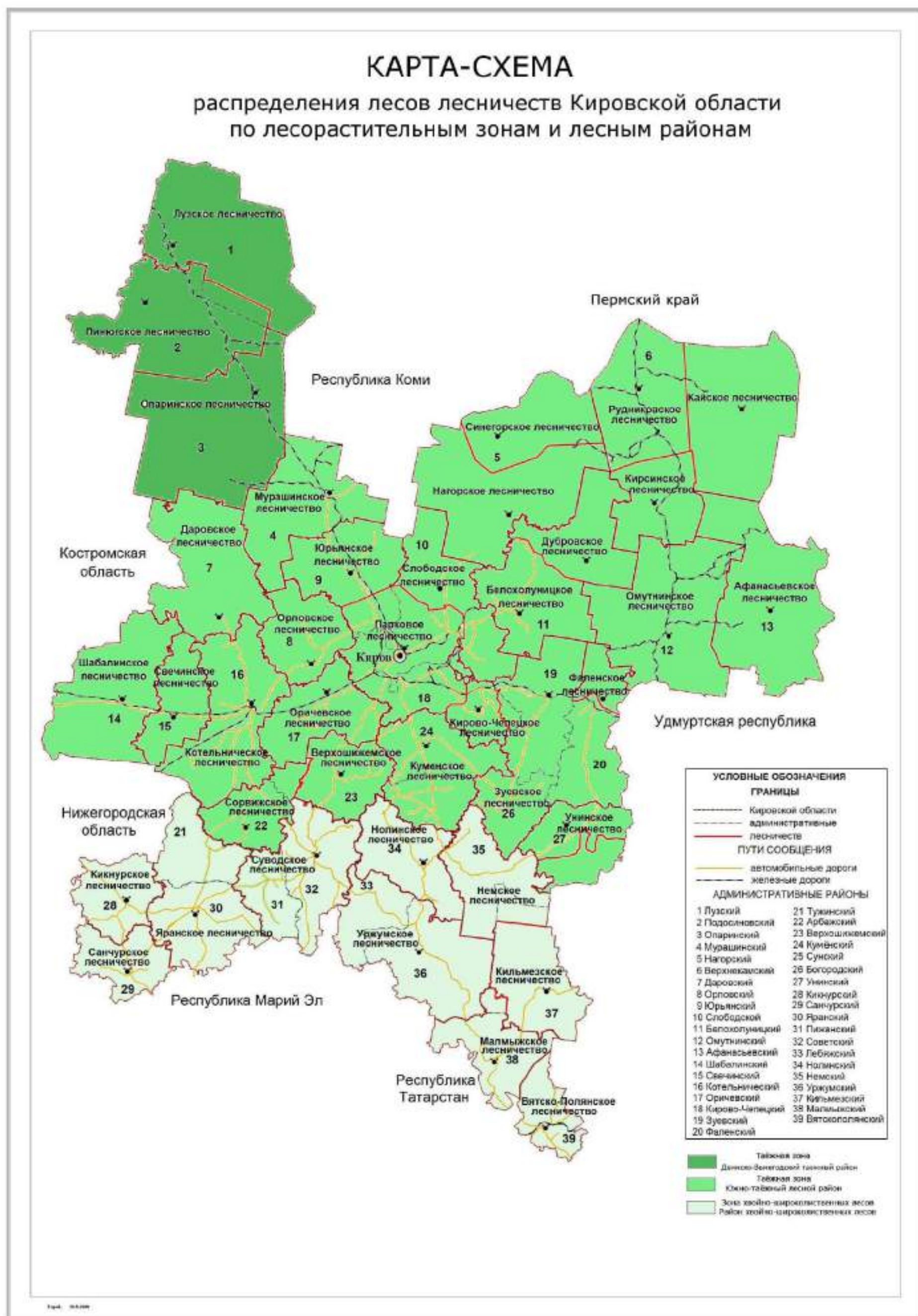
Рисунок 3. Распределение лесов лесничеств Кировской области по зонам и районам
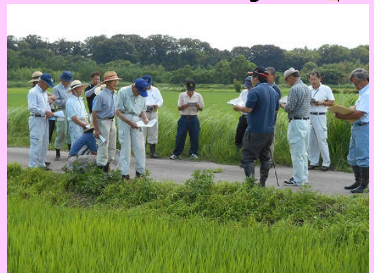
現地ほ場で講習会を実施しました！
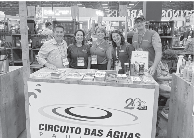
Membros do CICAP representam os nove municípios do Circuito das Águas Paulista na Feira do Empreendedor 2025, destacando o turismo e os negócios da região
········
Here the job is to print all the data exactly, skipping any image.

Рисунок 3. Распределение лесов лесничеств Кировской области по зонам и районам
現地ほ場で講習会を実施しました！
Membros do CICAP representam os nove municípios do Circuito das Águas Paulista na Feira do Empreendedor 2025, destacando o turismo e os negócios da região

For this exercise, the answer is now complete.